The Shape of His Bones

“I have said before now that not only are our shadow governments fighting over ancient technologies, a buried resource more precious than oil, but that the end result of all this hidden diplomacy will be the awakening of dread Cthulhu, or some other such entity.”

“Listen, whatever this is,” I sighed, “it’s dead.”

“So’s Cthulhu.”

“Cthulhu’s not real. It’s just fiction. Something somebody wrote.”

“So are we.”

Not knowing how to respond to that, I glanced over at the angel, it’s broken wings held together by hidden wires, its palms turned upward. Even though I had done the reconstruction, I feel a little shock as I realize that the position of the arms and splayed fingers gives the unknown figure a posture of supplicating prayer, like a worshiper about to raise his hands to God.

“One of the lucky ones, on the day of wrath,” he said. “And I don’t think he’ll be all too happy with whoever wakes him from the nepenthe of dreamless dissolution to the memory of all which he has lost.”

“Look at him,” I pointed. “He’s fossilized. There isn’t anything left but the shape of his bones.”

“And our minds to perceive it, and tell stories, and name it, and call it.” He sighed and sat down. “Look at those wings,” he went on. “It could never fly; not naturally. Look at it and tell me that’s a result of evolution.”
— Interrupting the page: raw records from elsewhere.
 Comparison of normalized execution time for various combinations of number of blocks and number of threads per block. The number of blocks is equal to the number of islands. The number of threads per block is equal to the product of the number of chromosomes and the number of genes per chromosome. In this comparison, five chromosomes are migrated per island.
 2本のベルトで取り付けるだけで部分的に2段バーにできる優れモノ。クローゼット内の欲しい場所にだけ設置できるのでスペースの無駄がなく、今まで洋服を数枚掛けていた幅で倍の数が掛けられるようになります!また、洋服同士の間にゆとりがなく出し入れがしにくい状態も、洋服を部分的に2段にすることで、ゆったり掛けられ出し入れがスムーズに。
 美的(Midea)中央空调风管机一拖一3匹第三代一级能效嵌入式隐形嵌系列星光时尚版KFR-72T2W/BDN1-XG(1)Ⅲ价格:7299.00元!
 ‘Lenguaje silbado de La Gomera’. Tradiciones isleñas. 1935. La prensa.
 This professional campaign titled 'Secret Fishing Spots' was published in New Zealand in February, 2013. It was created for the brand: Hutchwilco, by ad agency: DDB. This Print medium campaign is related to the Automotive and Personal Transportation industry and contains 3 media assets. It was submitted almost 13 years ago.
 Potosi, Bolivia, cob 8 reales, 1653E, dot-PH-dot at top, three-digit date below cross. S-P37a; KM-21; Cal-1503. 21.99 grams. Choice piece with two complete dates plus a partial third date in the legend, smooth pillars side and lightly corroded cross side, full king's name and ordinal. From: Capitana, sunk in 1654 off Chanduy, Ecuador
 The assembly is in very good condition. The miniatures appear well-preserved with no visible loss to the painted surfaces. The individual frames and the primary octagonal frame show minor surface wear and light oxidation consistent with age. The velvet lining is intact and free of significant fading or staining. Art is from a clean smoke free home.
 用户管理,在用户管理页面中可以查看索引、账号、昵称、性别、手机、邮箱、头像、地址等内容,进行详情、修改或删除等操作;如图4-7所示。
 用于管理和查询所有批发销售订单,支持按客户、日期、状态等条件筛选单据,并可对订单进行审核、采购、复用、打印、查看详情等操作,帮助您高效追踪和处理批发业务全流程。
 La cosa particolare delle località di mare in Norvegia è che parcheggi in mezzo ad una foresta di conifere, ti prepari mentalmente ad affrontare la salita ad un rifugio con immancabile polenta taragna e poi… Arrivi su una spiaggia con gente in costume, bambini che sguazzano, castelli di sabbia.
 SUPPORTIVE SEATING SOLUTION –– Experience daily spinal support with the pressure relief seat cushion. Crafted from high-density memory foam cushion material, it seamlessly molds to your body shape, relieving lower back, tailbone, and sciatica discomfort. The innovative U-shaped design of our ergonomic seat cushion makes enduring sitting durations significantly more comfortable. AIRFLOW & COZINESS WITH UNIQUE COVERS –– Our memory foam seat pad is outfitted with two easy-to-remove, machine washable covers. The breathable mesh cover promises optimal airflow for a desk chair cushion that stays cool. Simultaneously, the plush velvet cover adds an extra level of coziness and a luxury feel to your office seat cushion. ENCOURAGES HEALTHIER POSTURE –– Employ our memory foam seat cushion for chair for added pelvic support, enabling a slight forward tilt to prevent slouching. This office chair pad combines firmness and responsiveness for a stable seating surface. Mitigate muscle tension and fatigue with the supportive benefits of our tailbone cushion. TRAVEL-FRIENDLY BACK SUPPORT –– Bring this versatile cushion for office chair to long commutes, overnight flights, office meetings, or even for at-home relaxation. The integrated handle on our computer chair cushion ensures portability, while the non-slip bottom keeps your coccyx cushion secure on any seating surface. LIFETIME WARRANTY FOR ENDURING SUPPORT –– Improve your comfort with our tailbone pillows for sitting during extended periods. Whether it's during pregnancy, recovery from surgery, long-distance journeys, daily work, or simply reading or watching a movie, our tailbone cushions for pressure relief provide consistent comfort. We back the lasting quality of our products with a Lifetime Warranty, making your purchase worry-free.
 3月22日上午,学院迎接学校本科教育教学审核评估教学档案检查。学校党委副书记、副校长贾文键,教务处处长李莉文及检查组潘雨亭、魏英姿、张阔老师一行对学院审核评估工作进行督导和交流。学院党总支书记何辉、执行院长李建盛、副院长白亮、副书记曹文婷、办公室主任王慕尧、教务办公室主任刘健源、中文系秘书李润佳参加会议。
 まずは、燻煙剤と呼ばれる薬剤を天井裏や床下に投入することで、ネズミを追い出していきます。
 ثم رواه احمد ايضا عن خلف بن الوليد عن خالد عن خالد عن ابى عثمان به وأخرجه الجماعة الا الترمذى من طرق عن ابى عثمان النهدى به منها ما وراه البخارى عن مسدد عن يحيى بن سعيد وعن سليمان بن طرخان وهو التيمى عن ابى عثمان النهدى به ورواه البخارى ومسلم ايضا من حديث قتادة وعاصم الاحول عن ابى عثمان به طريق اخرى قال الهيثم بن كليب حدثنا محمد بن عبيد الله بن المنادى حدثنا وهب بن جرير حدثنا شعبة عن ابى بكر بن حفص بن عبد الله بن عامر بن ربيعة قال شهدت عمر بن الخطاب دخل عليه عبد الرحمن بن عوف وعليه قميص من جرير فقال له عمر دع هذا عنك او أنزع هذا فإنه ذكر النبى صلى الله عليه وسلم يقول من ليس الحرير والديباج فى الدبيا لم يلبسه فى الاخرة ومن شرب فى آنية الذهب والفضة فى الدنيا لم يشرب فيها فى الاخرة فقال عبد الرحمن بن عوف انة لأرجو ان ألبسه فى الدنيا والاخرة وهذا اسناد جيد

“I thought you didn’t believe in—”

“But you do. I’m a mathematician, and I don’t believe in one and a gazzilion chance meeting of another one and a trazzilion chance. And I’m enough of a philosopher to say that chance doesn’t become meaning. That thing is real, but not of nature. Look at it. It’s a thing from our mind, the connection of the human form with the avian, to signify and project some meaning onto the airy hosts which once ruled and devoured mankind. It’s closer to a sculpture than a fossil; it’s a fossil of what man once perceived of the invisible.”

I study the bones a bit.

“That’s always your problem,” I say. “You’ll have some deep insight, but you smother it in your phantasies. It’s really not natural, not evolution, is it?”